Now, there may be a number of you reading this right now are asking yourselves, “What the bleep is a random-effects GLS regression?” So, instead of just throwing out random numbers to prevent you from getting confused, I’m going to explain what a regression analysis is, do a quick FAQ on related topics, and explain my methodology for this analysis. Following this will be the results of the study performed. If you are someone who is familiar with my work, the following FAQ will sound familiar, as much of it is from a previous article I wrote back in January about defensive zones. I made some tweaks to the explanations that hopefully will both easy to understand for everyone while maintaining the integrity of the definitions.

What is a Regression Analysis?

The decision of which variable you call X and Y matters in regression, as you will get a different result if you swap the two variables. When you run a regression, you are trying to explain the variation in the dependent variable with a set of independent variables. Furthermore, a regression analysis allows you to control for other variables, whereas a correlation is only between two variables.

What is a Random-effects GLS Regression?

This is a type of regression analysis used on “panel data,” which is something that needs a definition in its own right. Panel data is a dataset in which the behavior of entities is observed over a set time period, or across time generally. This type of data allows you to control for variables you cannot observe or measure like cultural factors, a difference in business practices across companies, or variables that change over time but not across entities. The performance of NBA teams since the 1996–97 season clearly fits this description.

There are two types of methods to analyze panel data that I will discuss: fixed effects and random effects regression. Statistician Andrew Gelman provides five key definitions for the two effects that help their differences. Here are the two simplest definitions:

(2) Effects are fixed if they are interesting in themselves or random if there is interest in the underlying population. Searle, Casella, and McCulloch (1992, Section 1.4) explore this distinction in depth.
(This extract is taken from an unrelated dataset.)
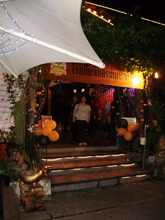 For Halloween night, we went to Tawandang German Brewery in Bangkok. The wait staff was generally dressed up (witches, vampires, ghosts, and the Joker seemed to be the themes), which fit right in to the general eclectic nature of the place. It's a brewpub shaped like a barrel that seats 1000+ serving German style beers brewed on the premises and catering mostly Thai food and a few Thai style German dishes to constant entertainment (gamelan orchestra, dixiland jazz, lounge acts) and karaoke. The staff behind the bar spent the whole time filling tube shaped towers of beer and carrying them like rifles to the various tables.
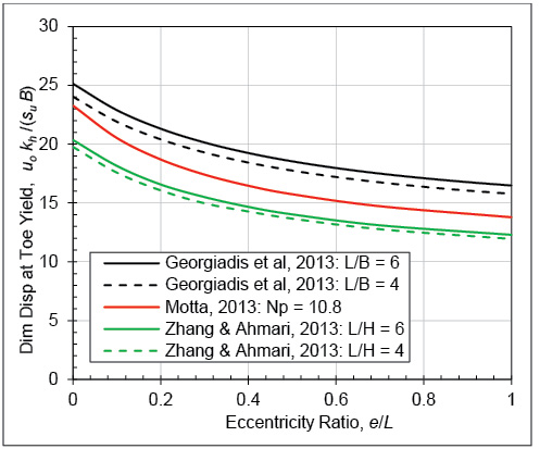 Dimensionless ground level displacements (uo kh /su B) resulting from the lateral load that initiates yield in the soil at the pile toe calculated using Georgiadis et al, 2013, Zhang & Ahmari, 2013, and Motta, 2013 are compared in Figure 16. Although all three methods are based on quite different Np variations with depth, they give ground level displacements that agree within about 25%. All three methods are based on the assumption that the modulus of subgrade reaction kh is constant with depth. The deflection analyses for Georgiadis et al, 2013 and Motta, 2013 assume that the modulus of subgrade reaction varies linearly with displacement up to the soil yield level (elastic-plastic response).

(3) “When a sample exhausts the population, the corresponding variable is fixed; when the sample is a small (i.e., negligible) part of the population the corresponding variable is random.” (Green and Tukey, 1960)

Despite the study consisting of all NBA teams, the two sample sets only cover a fraction of all of the NBA seasons played. Furthermore, as Princeton University Data Services Specialist Oscar Torres-Reyna explains, “If you have reason to believe that differences across entities have some influence on your dependent variable then you should use random effects.”

To determine if the panel data needs a fixed effects or random effects model, a Hausman test needs to be performed. The key figure to look at for a Hausman test is the Prob > chi2 figure (in a Stata output); if the figure is less than 0.05, then use the results of a fixed effects regression. The Prob > chi2 figure for this specific study is 0.9944, a figure that is significantly larger than 0.05 and indicates that the results of the random effects regression model are the results to use.

The Methodology

As previously mentioned, I collected shooting data by zone between the seasons of 1996–97 and 2015–16 via NBA.com. I removed the lockout seasons from the study because a full 82 game season was not played. This would have skewed the results because the dependent variable of this study is a team’s Wins for the season. Playing fewer games means fewer wins.

The explanatory/independent variables of this study are the following:

  • Restricted Area Field Goal Attempts
  • Restricted Area Field Goal Percentage
  • In the Paint (non-RA) Field Goal Attempts
  • In the Paint (non-RA) Field Goal Percentage
  • Midrange Field Goal Attempts
  • Midrange Field Goal Percentage
  • Left Corner 3-Point Field Goal Attempts
  • Left Corner 3-Point Field Goal Percentage
  • Right Corner 3-Point Field Goal Attempts
  • Right Corner 3-Point Field Goal Percentage
  • Above the Break 3-Point Field Goal Attempts
  • Above the Break 3-Point Field Goal Percentage
  • Defensive Rating
  • Each NBA season in the study

A few things need to be addressed before we continue. First, the broad question being asked is: does where a team shoot on the court explain the variation in said team’s win total? Another way to phrase this question is: what zones on the court do teams need to shoot in order to win? Second, there are more specific questions being asked such as, when holding all variables constant, how much variation does restricted area field goal percentage explain? Third, Defensive Rating is in this study to control for the other side of the game. Fourth, each NBA season is regressed to take into account the specific results of each season.

And fifth, if you noticed, I did not use field goals made, but rather field goal attempts. During preliminary testing, field goal attempts and field goals made were highly correlated with one another. If independent variables are highly correlated, it creates inaccurate results messes up the entire regression analysis. I selected shot attempts over shots made because the shots made variables were more correlated with the shooting percentage variables than field goals attempted.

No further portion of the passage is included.